PROVIDED RECORDS -
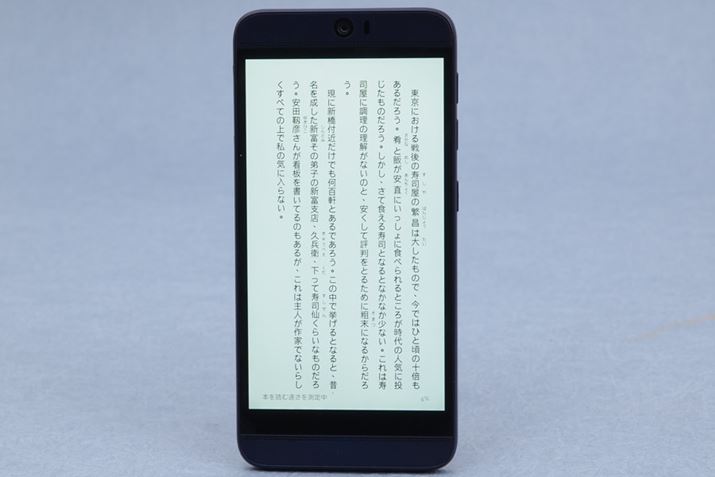 ぱっと見たときのインパクトより、使い続けたときの実用性を重視したHTC製スマホのディスプレイは、ホワイトバランスをいたずらに吊り上げていない。電子書籍の背景は、輝く白と言うより、目をいたわるなめらかな白だ。WQHD表示はさすがに緻密で、細かなルビまでフォントの質感が再現できている
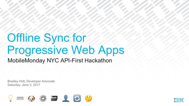 Learn how to build an Offline First Progressive Web App using Apache CouchDB, Hoodie, and PouchDB. Offline First apps provide a consistent user experience whether the user's device has no connectivity, limited connectivity, or great connectivity. A Progressive Web App combines the best parts both a web app and a native app. You browse to a Progressive Web App just like you browse to any other website. It lives at a URL, can be indexed by search engines, and can be linked to from anywhere else on the web. As you continue to use a Progressive Web App it gains additional native app-like capabilities. For example, the app could be installed to the home screen on your device. You might also grant the app the ability to send you push notifications, or the ability to access your camera, your microphone, or other device resources. This workshop will demonstrate how you can build offline sync into your Progressive Web App using a combination of Apache CouchDB (an open source document database), Hoodie (an open source Node.js backend for Offline First apps), and PouchDB (an open source JavaScript database that syncs).
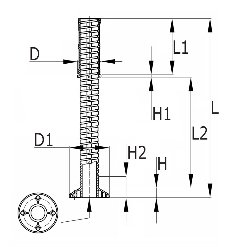 Buisafm.=Uitwendige buismaten, D=Kraag-Ø, D1=Voet-Ø, H=Voethoogte, H1=Kraagdikte, H2=Min. hoogte bij ingedraaide spindel, K=Maximaal statisch draagvermogen in kg, L=Totale lengte, L1=Schaftlengte, L2=Verstelbereik, Uitv.=Wanddikte
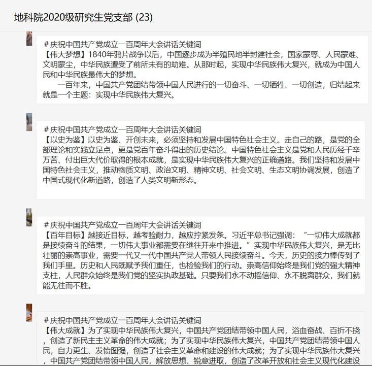 7月1日庆祝中国共产党成立一百周年大会上习近平总书记发表重要讲话,支部党员自发观看,同时支部交流平台内积极开展“庆祝中国共产党成立一百周年大会关键词接力”,共同感悟总书记的讲话精神,促学促研促领悟。
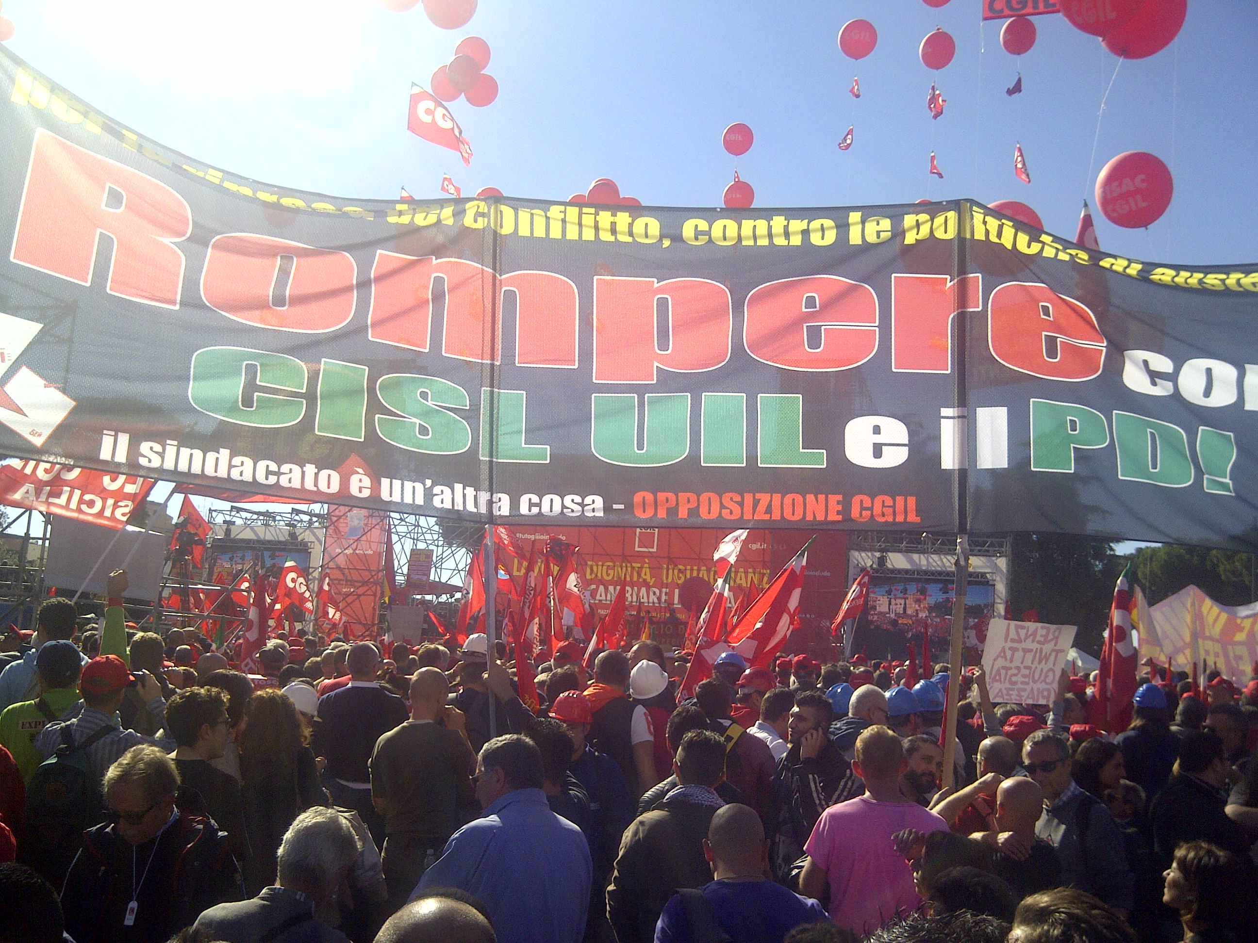 In questa ottica, il bilancio politico tracciato dagli anni ’90 fino ad oggi è inesorabile: non solo siamo assolutamente lontani dall’obbiettivo minimo di aver impresso un cambiamento significativo dentro la CGIL, ma, cosa ancor più grave, non siamo neanche riusciti a condizionare il gruppo dirigente dell’organizzazione per spingerlo ad organizzare un movimento di lotte difensivo contro le politiche di austerità. Al contrario, con l’avvento di Susanna Camusso a segretaria generale dell’organizzazione, la Cgil ha impresso una stretta antidemocratica alla vita interna dell’organizzazione che non ha precedenti e dobbiamo prendere coscienza che non siamo riusciti neanche a porre un minimo di argine alla deriva verso destra imboccata dal gruppo dirigente di maggioranza della CGIL. Facciamo fatica, fatta eccezione per la stagione dei bulloni a Trentin, a ricordare la direzione di qualche lotta sindacale di rilievo che è stata condotta da dirigenti della sinistra sindacale, i quali invece sono sempre apparsi avviluppati in battaglie burocratiche interne e autoreferenziali. L’area “Il sindacato è un’altra cosa” aveva imboccato una strada diversa in quanto era riuscita a riunire compagne e compagni provenienti da diverse posizioni ed aveva presentato, per la prima volta dal 2001, un documento alternativo basato su proposte e supportato da compagne e compagni storicamente di sinistra nelle posizioni e nelle pratiche. Anche in questo caso l’esperienza non ha avuto gli esiti sperati.
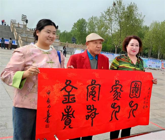 河南省華夏文明促進會豫北書畫院非物質(zhì)文化遺產(chǎn)鳥蟲篆傳人趙力志、白東升和工作人員王莉芬參加了活動。
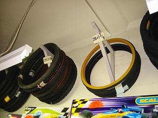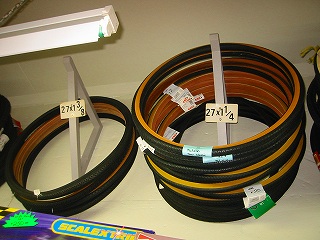 先ほどの店のようにプラモデルと自転車の両方をやっていた。天井にはサイズ別に修理用のタイ
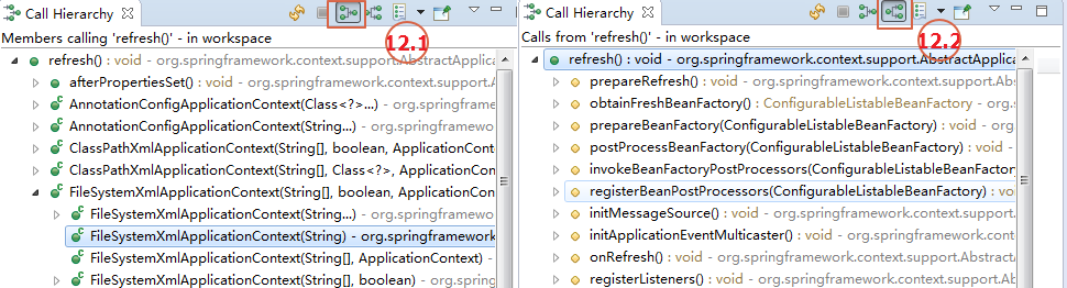 | 12.1~12.2 | open call hierarchy | ctrl+alt+h | 查看方法被调用层次, 可以看当前方法被调用的地方12.1,或者当前方法调用了其他类的方法12.2 |
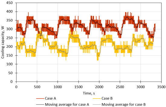 The cooling capacity of the adsorption chiller with six type 1 nozzles (case A) and six type 2 nozzles (case B) and a total flow rate of water through the nozzles of 400 L/h is shown in Figure 6. As can be seen, the cooling capacity for case A varies from about 250 W to 375 W (average value of 316 W, standard deviation of 31 W), while the cooling capacity for case B varies from about 150 W to 300 W (average value of 210 W, standard deviation of 32 W). Therefore, in the analyzed case, a higher spray angle is better in the context of the cooling capacity of the adsorption chiller. Water evaporation is a very complicated process, and it depends on many factors. The observed increase in cooling capacity for the greater spray angle (120°) can be attributed to the following reasons. Firstly, increasing the spray angle can reduce the droplet size and improve the uniformity of droplets, which has a positive effect on evaporation performance [26]. Secondly, with a greater spray angle, the water droplets fall on a larger surface area of the tube, from which they receive heat. It must be remembered that the evaporation rate is proportional to the free surface area of the evaporating liquid. Additionally, according to Dai et al. [27], the thickness and flow mode of a falling film have a significant impact on the overall heat transfer coefficient between the tube and the falling film. Thus, the possibility cannot be excluded that the spray angle affects the falling film’s thickness and flow mode, which results in an improved heat transfer coefficient, a faster evaporator, and greater cooling capacity.
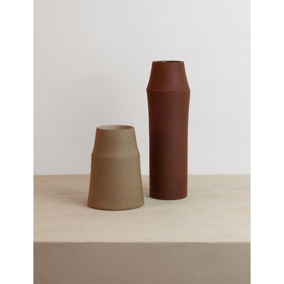 I love this clay vase for its understated, natural aesthetic, making it a versatile piece that can complement a variety of interiors. Its warm sand tone adds subtle warmth to neutral palettes and pairs beautifully with both modern and rustic settings. It's particularly effective when styled with dried grasses or simple stems for a minimalist look, or even left empty as a sculptural accent. Practical styling tips include grouping it with other textured ceramics or placing it on a wooden or neutral-toned surface to enhance its organic feel. Its modest size and clean shape make it ideal for side tables, shelves, or mantelpieces, adding a touch of understated elegance without overwhelming the space.

PROBLEM TO SOLVE - Give the entries above again, exactly as written and free of images.

SOLUTION FOR THIS PROBLEM -
 ぱっと見たときのインパクトより、使い続けたときの実用性を重視したHTC製スマホのディスプレイは、ホワイトバランスをいたずらに吊り上げていない。電子書籍の背景は、輝く白と言うより、目をいたわるなめらかな白だ。WQHD表示はさすがに緻密で、細かなルビまでフォントの質感が再現できている
 Learn how to build an Offline First Progressive Web App using Apache CouchDB, Hoodie, and PouchDB. Offline First apps provide a consistent user experience whether the user's device has no connectivity, limited connectivity, or great connectivity. A Progressive Web App combines the best parts both a web app and a native app. You browse to a Progressive Web App just like you browse to any other website. It lives at a URL, can be indexed by search engines, and can be linked to from anywhere else on the web. As you continue to use a Progressive Web App it gains additional native app-like capabilities. For example, the app could be installed to the home screen on your device. You might also grant the app the ability to send you push notifications, or the ability to access your camera, your microphone, or other device resources. This workshop will demonstrate how you can build offline sync into your Progressive Web App using a combination of Apache CouchDB (an open source document database), Hoodie (an open source Node.js backend for Offline First apps), and PouchDB (an open source JavaScript database that syncs).
 Buisafm.=Uitwendige buismaten, D=Kraag-Ø, D1=Voet-Ø, H=Voethoogte, H1=Kraagdikte, H2=Min. hoogte bij ingedraaide spindel, K=Maximaal statisch draagvermogen in kg, L=Totale lengte, L1=Schaftlengte, L2=Verstelbereik, Uitv.=Wanddikte
 7月1日庆祝中国共产党成立一百周年大会上习近平总书记发表重要讲话,支部党员自发观看,同时支部交流平台内积极开展“庆祝中国共产党成立一百周年大会关键词接力”,共同感悟总书记的讲话精神,促学促研促领悟。
 In questa ottica, il bilancio politico tracciato dagli anni ’90 fino ad oggi è inesorabile: non solo siamo assolutamente lontani dall’obbiettivo minimo di aver impresso un cambiamento significativo dentro la CGIL, ma, cosa ancor più grave, non siamo neanche riusciti a condizionare il gruppo dirigente dell’organizzazione per spingerlo ad organizzare un movimento di lotte difensivo contro le politiche di austerità. Al contrario, con l’avvento di Susanna Camusso a segretaria generale dell’organizzazione, la Cgil ha impresso una stretta antidemocratica alla vita interna dell’organizzazione che non ha precedenti e dobbiamo prendere coscienza che non siamo riusciti neanche a porre un minimo di argine alla deriva verso destra imboccata dal gruppo dirigente di maggioranza della CGIL. Facciamo fatica, fatta eccezione per la stagione dei bulloni a Trentin, a ricordare la direzione di qualche lotta sindacale di rilievo che è stata condotta da dirigenti della sinistra sindacale, i quali invece sono sempre apparsi avviluppati in battaglie burocratiche interne e autoreferenziali. L’area “Il sindacato è un’altra cosa” aveva imboccato una strada diversa in quanto era riuscita a riunire compagne e compagni provenienti da diverse posizioni ed aveva presentato, per la prima volta dal 2001, un documento alternativo basato su proposte e supportato da compagne e compagni storicamente di sinistra nelle posizioni e nelle pratiche. Anche in questo caso l’esperienza non ha avuto gli esiti sperati.
 河南省華夏文明促進會豫北書畫院非物質(zhì)文化遺產(chǎn)鳥蟲篆傳人趙力志、白東升和工作人員王莉芬參加了活動。
 先ほどの店のようにプラモデルと自転車の両方をやっていた。天井にはサイズ別に修理用のタイ
 | 12.1~12.2 | open call hierarchy | ctrl+alt+h | 查看方法被调用层次, 可以看当前方法被调用的地方12.1,或者当前方法调用了其他类的方法12.2 |
 The cooling capacity of the adsorption chiller with six type 1 nozzles (case A) and six type 2 nozzles (case B) and a total flow rate of water through the nozzles of 400 L/h is shown in Figure 6. As can be seen, the cooling capacity for case A varies from about 250 W to 375 W (average value of 316 W, standard deviation of 31 W), while the cooling capacity for case B varies from about 150 W to 300 W (average value of 210 W, standard deviation of 32 W). Therefore, in the analyzed case, a higher spray angle is better in the context of the cooling capacity of the adsorption chiller. Water evaporation is a very complicated process, and it depends on many factors. The observed increase in cooling capacity for the greater spray angle (120°) can be attributed to the following reasons. Firstly, increasing the spray angle can reduce the droplet size and improve the uniformity of droplets, which has a positive effect on evaporation performance [26]. Secondly, with a greater spray angle, the water droplets fall on a larger surface area of the tube, from which they receive heat. It must be remembered that the evaporation rate is proportional to the free surface area of the evaporating liquid. Additionally, according to Dai et al. [27], the thickness and flow mode of a falling film have a significant impact on the overall heat transfer coefficient between the tube and the falling film. Thus, the possibility cannot be excluded that the spray angle affects the falling film’s thickness and flow mode, which results in an improved heat transfer coefficient, a faster evaporator, and greater cooling capacity.
 I love this clay vase for its understated, natural aesthetic, making it a versatile piece that can complement a variety of interiors. Its warm sand tone adds subtle warmth to neutral palettes and pairs beautifully with both modern and rustic settings. It's particularly effective when styled with dried grasses or simple stems for a minimalist look, or even left empty as a sculptural accent. Practical styling tips include grouping it with other textured ceramics or placing it on a wooden or neutral-toned surface to enhance its organic feel. Its modest size and clean shape make it ideal for side tables, shelves, or mantelpieces, adding a touch of understated elegance without overwhelming the space.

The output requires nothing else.